In 2015 first residential workshop for carers held in Peebles. BIG Lottery Application for next phase of development – the Hub. Louise Middleton appointed as Pasda Community Garden Worker, at “Craigie’s Environmental and Education Project” one day a week. Funding provided by Post Code Lottery.
In 2016 Complementary Therapy Service and Counselling Service launched from various funders. Nominated for National Autistic Society Autism Professional Award. The Big Lottery fund finished, 31st August and all Big Lottery staff contracts ended. The office space was reduced to two hot desks in the same office and all carer groups continued with facilitation of volunteers. Funding from Edinburgh City Council for recruitment of a Carer Communication Worker for 2 years was successful. Also, in the autumn funding from various organisations allowed for employment of an administrator and a person to contact carers face to face.
In April 2017 ,Cath Purdie was employed as the Communications officer funded by City of Edinburgh council and Joanne Gibb joined us the Treasurer in the spring. Unfortunately, Louise Middleton left in March 2018 to find full-time employment. An entertaining evening of musicians and comedians was held at the Granary as part of World Autism Awareness Week. Fund raising involved an abseil, decorating the Christmas tree at St Andrew’s and St George’s West in George Street. Funding applications were made to Scotrail for complementary therapy and Santander for budgeting workshops and will start in 2018. Several very successful workshops were held, IT for Beginners, Understanding Autism, Sensory Spectacle for sensory perception difficulties, Communication Tools to develop different techniques and Edible Christmas presents.

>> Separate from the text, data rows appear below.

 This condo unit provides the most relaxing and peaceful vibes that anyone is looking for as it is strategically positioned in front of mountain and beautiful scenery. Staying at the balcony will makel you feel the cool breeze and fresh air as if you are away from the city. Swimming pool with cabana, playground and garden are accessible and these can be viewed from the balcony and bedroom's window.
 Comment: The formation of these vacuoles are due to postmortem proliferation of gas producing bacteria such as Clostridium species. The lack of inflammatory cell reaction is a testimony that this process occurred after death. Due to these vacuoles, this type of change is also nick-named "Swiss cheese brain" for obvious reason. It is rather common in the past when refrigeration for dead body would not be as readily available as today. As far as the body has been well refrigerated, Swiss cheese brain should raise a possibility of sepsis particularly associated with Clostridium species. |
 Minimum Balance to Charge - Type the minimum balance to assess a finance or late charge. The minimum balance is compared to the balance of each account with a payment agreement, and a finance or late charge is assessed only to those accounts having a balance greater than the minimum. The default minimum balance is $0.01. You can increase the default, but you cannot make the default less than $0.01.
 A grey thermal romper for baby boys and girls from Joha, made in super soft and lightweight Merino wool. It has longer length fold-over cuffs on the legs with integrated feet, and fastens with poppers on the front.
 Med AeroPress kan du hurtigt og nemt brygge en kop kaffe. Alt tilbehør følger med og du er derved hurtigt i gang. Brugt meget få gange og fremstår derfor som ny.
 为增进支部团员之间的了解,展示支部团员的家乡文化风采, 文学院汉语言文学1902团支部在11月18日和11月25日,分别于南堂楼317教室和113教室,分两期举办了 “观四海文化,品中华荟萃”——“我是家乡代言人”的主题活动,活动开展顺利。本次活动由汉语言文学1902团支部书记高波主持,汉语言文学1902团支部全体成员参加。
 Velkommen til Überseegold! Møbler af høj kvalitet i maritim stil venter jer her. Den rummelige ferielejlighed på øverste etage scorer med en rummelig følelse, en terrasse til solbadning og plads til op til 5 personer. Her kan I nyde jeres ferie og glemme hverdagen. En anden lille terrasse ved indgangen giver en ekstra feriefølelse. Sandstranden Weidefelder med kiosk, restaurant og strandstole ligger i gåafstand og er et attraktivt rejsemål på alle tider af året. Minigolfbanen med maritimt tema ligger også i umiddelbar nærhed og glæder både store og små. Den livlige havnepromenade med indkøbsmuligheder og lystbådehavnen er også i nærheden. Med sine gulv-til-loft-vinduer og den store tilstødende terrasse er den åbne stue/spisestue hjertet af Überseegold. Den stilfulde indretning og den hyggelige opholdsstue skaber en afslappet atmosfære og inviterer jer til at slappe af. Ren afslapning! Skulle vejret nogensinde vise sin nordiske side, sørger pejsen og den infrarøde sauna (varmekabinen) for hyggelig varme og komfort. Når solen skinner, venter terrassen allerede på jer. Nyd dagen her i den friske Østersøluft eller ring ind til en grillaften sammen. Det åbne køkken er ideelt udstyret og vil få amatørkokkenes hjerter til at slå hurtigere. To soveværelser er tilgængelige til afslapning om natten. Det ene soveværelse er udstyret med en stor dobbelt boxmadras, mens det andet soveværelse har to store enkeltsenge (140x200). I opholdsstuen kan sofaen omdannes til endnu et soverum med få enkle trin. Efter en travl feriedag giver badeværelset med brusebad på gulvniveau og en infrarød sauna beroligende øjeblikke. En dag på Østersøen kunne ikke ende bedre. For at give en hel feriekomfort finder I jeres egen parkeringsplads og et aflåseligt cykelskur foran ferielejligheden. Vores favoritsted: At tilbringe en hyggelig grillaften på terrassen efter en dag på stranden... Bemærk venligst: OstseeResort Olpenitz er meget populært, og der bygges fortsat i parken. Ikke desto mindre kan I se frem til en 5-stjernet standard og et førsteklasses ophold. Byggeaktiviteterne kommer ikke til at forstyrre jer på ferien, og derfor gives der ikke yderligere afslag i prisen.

In 2018 the funding for the Communication Officer role was secured for another year. The World Autism Awareness event “Autistic Showcase” was held at the Central Library which exhibited the art work of many autistic people, two local libraries held sessions with authors and illustrators for 2 primary schools and a public opening for a question and answer session at the Central Library with Alan Gardner, who is a celebrated garden designer. There were several workshops funded to provide complementary therapy and budgeting information. A new treasurer, Varsha Choudhari, was recruited to the trustee board.
In 2019 The World Autism Awareness event “Success on the Spectrum” was a question and answer session with 4 autistic people and hosted by the staff at the Central Library. A book reading and story-telling programme with authors was held at local libraries. There was also a photographic exhibition “Curry and Autism” at Out of the Blue, Leith. The aim of the exhibition was to demonstrate that Dads can be caring too. This theme was interpreted with black and white portraits and anonymised quotes which were profound and thought provoking. Produced a short film with a professional company, Bridge 4 Films, about the role of Pasda.